I was told it is a lion head rabbit. I don't thing he is. He definitely is a mixture.
What do you think?


----------



## bunnylovin1093 (Jan 10, 2015)

He does look like a lionhead


----------



## majorv (Jan 10, 2015)

Yes, he looks lionhead.


----------



## woahlookitsme (Jan 10, 2015)

I say Lionhead as well. Color is Vienna Marked harlequin


----------



## Nancy McClelland (Jan 10, 2015)

Second on Lionhead and Harlequin. You probably should send him to us so we can study and make sure--will probably take quite a while!


----------



## Angelate (Jan 11, 2015)

Thank you all for the replys. >:d<


----------



## majorv (Jan 11, 2015)

Nancy McClelland said:


> Second on Lionhead and Harlequin. You probably should send him to us so we can study and make sure--will probably take quite a while!



LOL, I agree, he is a cutie!!


----------



## Angelate (Jan 11, 2015)

majorv said:


> LOL, I agree, he is a cutie!!




Thank you )


----------



## bunnyman666 (Jan 11, 2015)

He is a handsome and cute little devil!!!


----------



## whatever4andnomore (Jan 11, 2015)

He is definately a lionhead, and definately harlequin! But, I am not sure that matters because he is an absolute DARLING!


----------



## ladysown (Jan 11, 2015)

more correctly... vienna marked black japanese harlequin.

Lionhead or lionhead mix. 
the tufts of fur may or may not last. 
most likely a single mane lionhead.


----------



## Angelate (Jan 12, 2015)

whatever4andnomore said:


> He is definately a lionhead, and definately harlequin! But, I am not sure that matters because he is an absolute DARLING!

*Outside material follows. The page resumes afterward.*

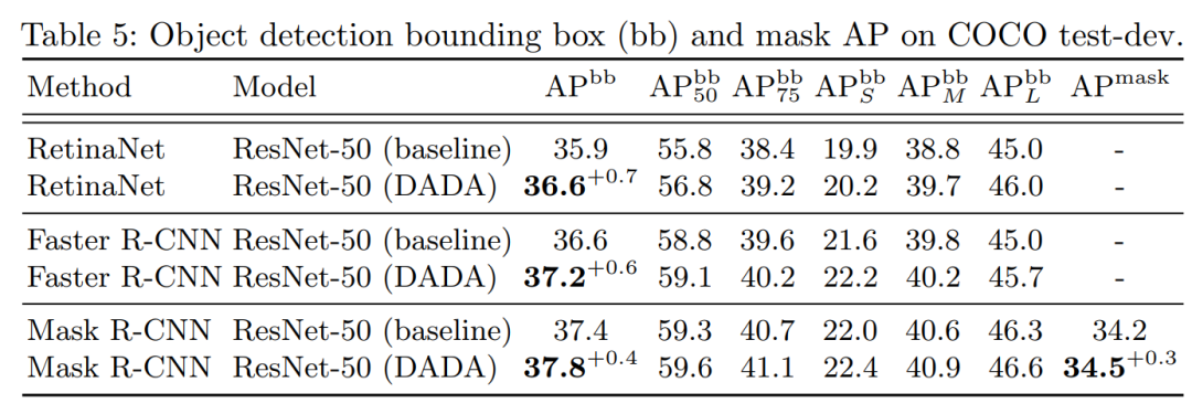 除此之外,我们也将数据增广训练的ImageNet模型作为目标检测的预训练模型,也提升了RetinaNet、Faster R-CNN和Mask R-CNN的性能。后续工作将尝试直接将我们的算法直接应用到目标检测任务上。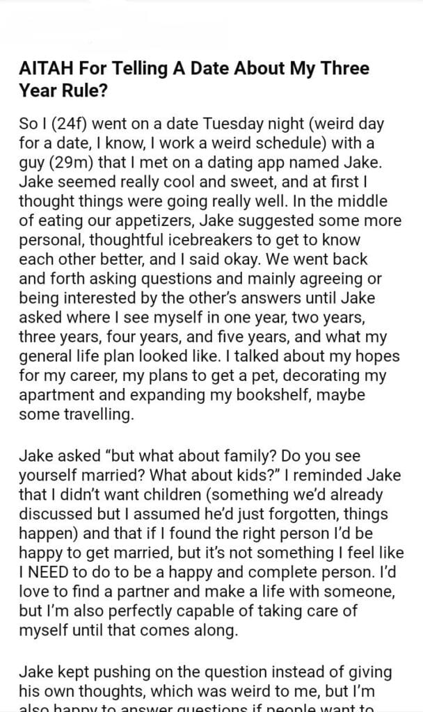 AITAH For Telling A Date About My Three Year Rule?

It does not matter, I was just curious, he is the first one I ever seen. I bought him from a breeder he said is lion head, the mother don't look like this and his siblings were black, and white.


----------



## Liung (Jan 12, 2015)

He looks like he's not fully grown to me... it'll be hard to totally tell until he is. If you got him at a pet store, then he's probably a mix. Pet stores rarely have purebreeds.

I was told mine were Netherland Dwarves, and as babies they looked it. As adults, though, they're clearly not full dwarves, both for their size and conformation.


----------



## PABunnyMom (Apr 25, 2015)

Looks like my boys cousin. LOL He's very cute!


----------



## Beesandbuns (Apr 30, 2015)

he's a harliquin marked lionhead, or a lionhead crossed with a harliquin, or he's a wool breed crossed to a harliquin.


----------